Pierre Lindenbaum said...

Hi ,
I compiled this jar under java 6.0.
You need Java 6.0 to run this application

Tom said...

Hi, I only recently ran across this and have Java 6.0 and run this under Windows 7 at a MSDOS prompt. When the results go to the result.xml file any viewer, such as Firefox, for this file displays mountains of lines of information. Nothing seems parsed down to just the title, abstracts, PMID's, etc...

Please help.


Pierre Lindenbaum said...

Tom, this is an old code. Please show me a sample of your output.

Anonymous said...

I tried the .jar today with the .xml output of pubmed... But it semes that there is some change in the xml structure. I always get the following error message.. :-(

java -jar Downloads/sortpubmed.jar ~/pubmed_result.xml > result.xml
[Fatal Error] pubmed_result.xml:302:2: The markup in the document following the root element must be well-formed.
org.xml.sax.SAXParseException: The markup in the document following the root element must be well-formed.
at com.sun.org.apache.xerces.internal.parsers.DOMParser.parse(DOMParser.java:249)
at com.sun.org.apache.xerces.internal.jaxp.DocumentBuilderImpl.parse(DocumentBuilderImpl.java:284)
at javax.xml.parsers.DocumentBuilder.parse(DocumentBuilder.java:208)
at org.lindenb.tinytools.ImpactFactorSorter.main(ImpactFactorSorter.java:272)

Pierre Lindenbaum said...

Your XML is not well-formed.

Alice said...

Hi Pierre, thank you for the program.
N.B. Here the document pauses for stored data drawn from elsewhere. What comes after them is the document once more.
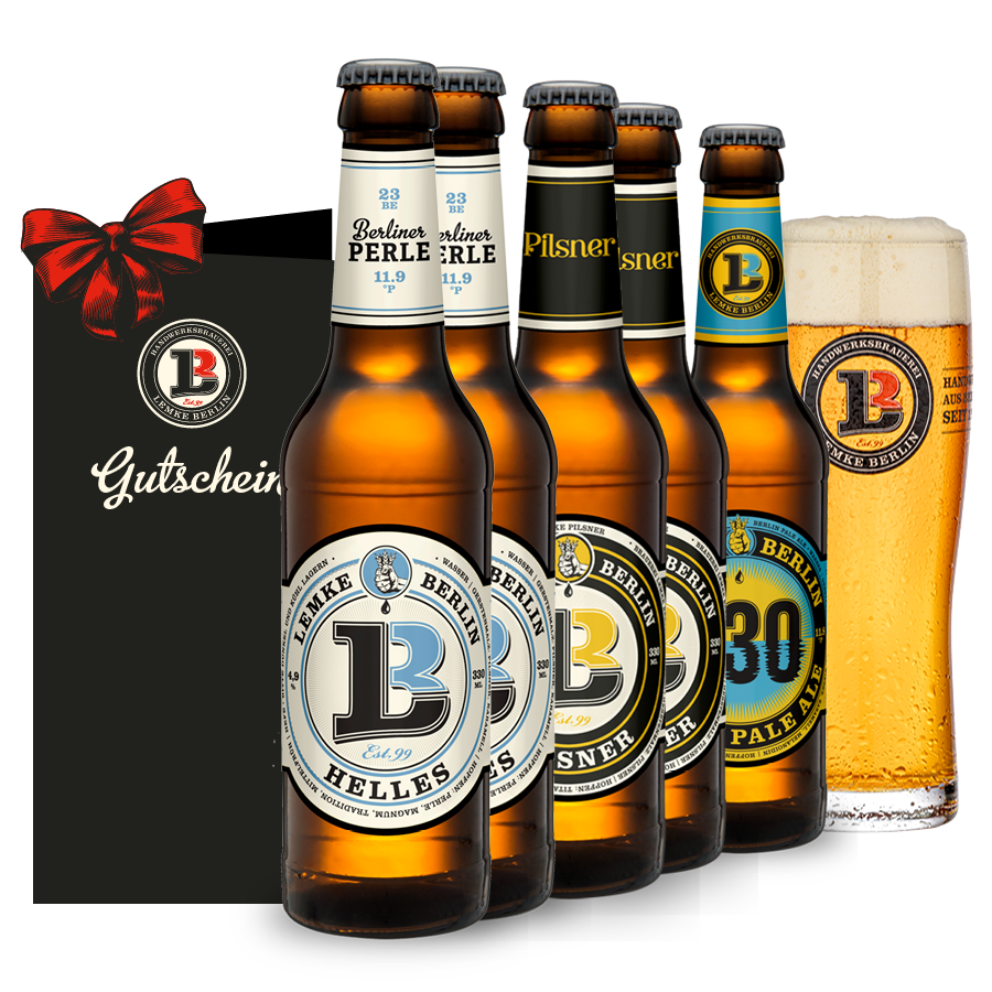 Mit diesem Set kommt ein schöner Bier-Mix zu dir (oder an die Adresse deiner Wahl innerhalb Deutschlands), den du gleich mit dem passenden Glas verkosten kannst. Und dann geht es für die zweite Runde ab nach Berlin: Mit dem Gutschein buchst du dir einen Platz in einer unserer Touren durch die Brauerei. Schau dir an, wo und wie wir brauen - und klar, im Anschluss verkosten wir auch ein paar Lemke-Biere!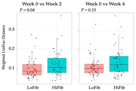 Regarding beta-diversity, the distance based on weighted UniFrac metrics between weeks 0 and 2 in paired samples was significantly higher in the HiFib group than in the LoFib group, meaning the changes in the bacterial composition were greater in the HiFib group than in the LoFib group (Figure 2). In both groups, distances based on unweighted UniFrac did not differ between weeks 0 and 2 and between weeks 0 vs. 4.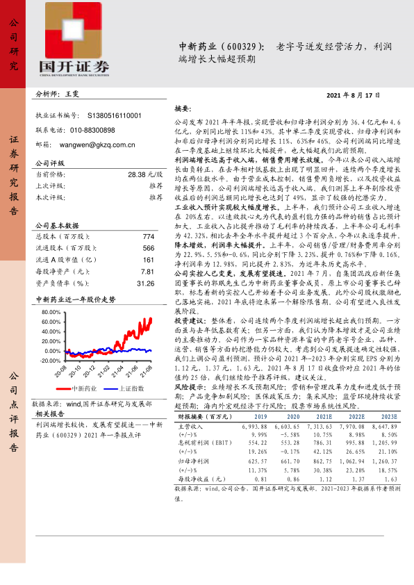 投资建议:整体看,公司连续两个季度利润端增长超出我们预期。一方面虽与去年低基数有关;但另一方面,我们认为降本增效才是公司业绩的主要推动力。公司作为一家品种资源丰富的中药老字号企业,品种、运营、销售等方面的挖潜能力仍较大。考虑到公司发展提速确定性较强,我们上调公司盈利预测,预计公司 2021 年-2023 年分别实现 EPS 分别为1.12 元,1.37 元,1.63 元。2021 年 8 月 17 日收盘价对应 2021 年的估值约 25 倍,我们继续给予推荐评级,建议关注。

I am asking a very naive question: how do I run the jar program in order to sort the xml file from the pubmed results? If I double click on it, I see window popping up and then disappearing. Thanks to you and to anybody would like to answer. Alice

Pierre Lindenbaum said...

Hi Alice,
that was an old post (2008)! To run a jar (under windows?) you need to first, open a window MS-DOS console https://en.wikipedia.org/wiki/MS-DOS and to execute a command line like 'java -jar nameoftheprogram.jar pubmed.xml' . I hope that helps.

Alice said...

Hi Pierre, thanks for answering so fast. It looks like I need to learn more on starting java programs in MS-DOS!